> _Action item_:
Whatever runs from the line with "用户在本站选择厦门航空后,在" to the end of the records below must be copied exactly, with nothing else included.

━━━━━ Provided records ━━━━━

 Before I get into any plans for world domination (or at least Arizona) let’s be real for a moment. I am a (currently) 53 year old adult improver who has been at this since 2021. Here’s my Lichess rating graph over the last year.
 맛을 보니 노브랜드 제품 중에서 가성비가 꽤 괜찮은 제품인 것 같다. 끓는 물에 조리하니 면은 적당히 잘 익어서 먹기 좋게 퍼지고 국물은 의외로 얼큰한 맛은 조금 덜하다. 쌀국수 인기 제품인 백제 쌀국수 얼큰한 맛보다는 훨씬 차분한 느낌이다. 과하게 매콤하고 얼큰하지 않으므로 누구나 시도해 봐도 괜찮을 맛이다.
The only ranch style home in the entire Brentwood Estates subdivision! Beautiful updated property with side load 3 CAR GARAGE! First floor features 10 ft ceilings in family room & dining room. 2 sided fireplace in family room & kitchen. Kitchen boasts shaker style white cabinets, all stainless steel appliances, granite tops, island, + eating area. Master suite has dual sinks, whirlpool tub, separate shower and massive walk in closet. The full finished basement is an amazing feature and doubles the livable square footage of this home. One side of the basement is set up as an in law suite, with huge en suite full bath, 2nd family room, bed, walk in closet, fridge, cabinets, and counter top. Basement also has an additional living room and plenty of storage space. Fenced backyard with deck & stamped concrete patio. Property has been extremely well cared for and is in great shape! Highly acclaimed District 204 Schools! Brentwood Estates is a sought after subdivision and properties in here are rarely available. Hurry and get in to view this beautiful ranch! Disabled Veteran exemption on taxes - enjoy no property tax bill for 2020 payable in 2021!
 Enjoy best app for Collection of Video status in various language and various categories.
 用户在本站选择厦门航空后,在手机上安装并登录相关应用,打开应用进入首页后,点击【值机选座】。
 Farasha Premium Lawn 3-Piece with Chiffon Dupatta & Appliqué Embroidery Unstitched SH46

━━━━━

> _Response to the exercise_:
 用户在本站选择厦门航空后,在手机上安装并登录相关应用,打开应用进入首页后,点击【值机选座】。
 Farasha Premium Lawn 3-Piece with Chiffon Dupatta & Appliqué Embroidery Unstitched SH46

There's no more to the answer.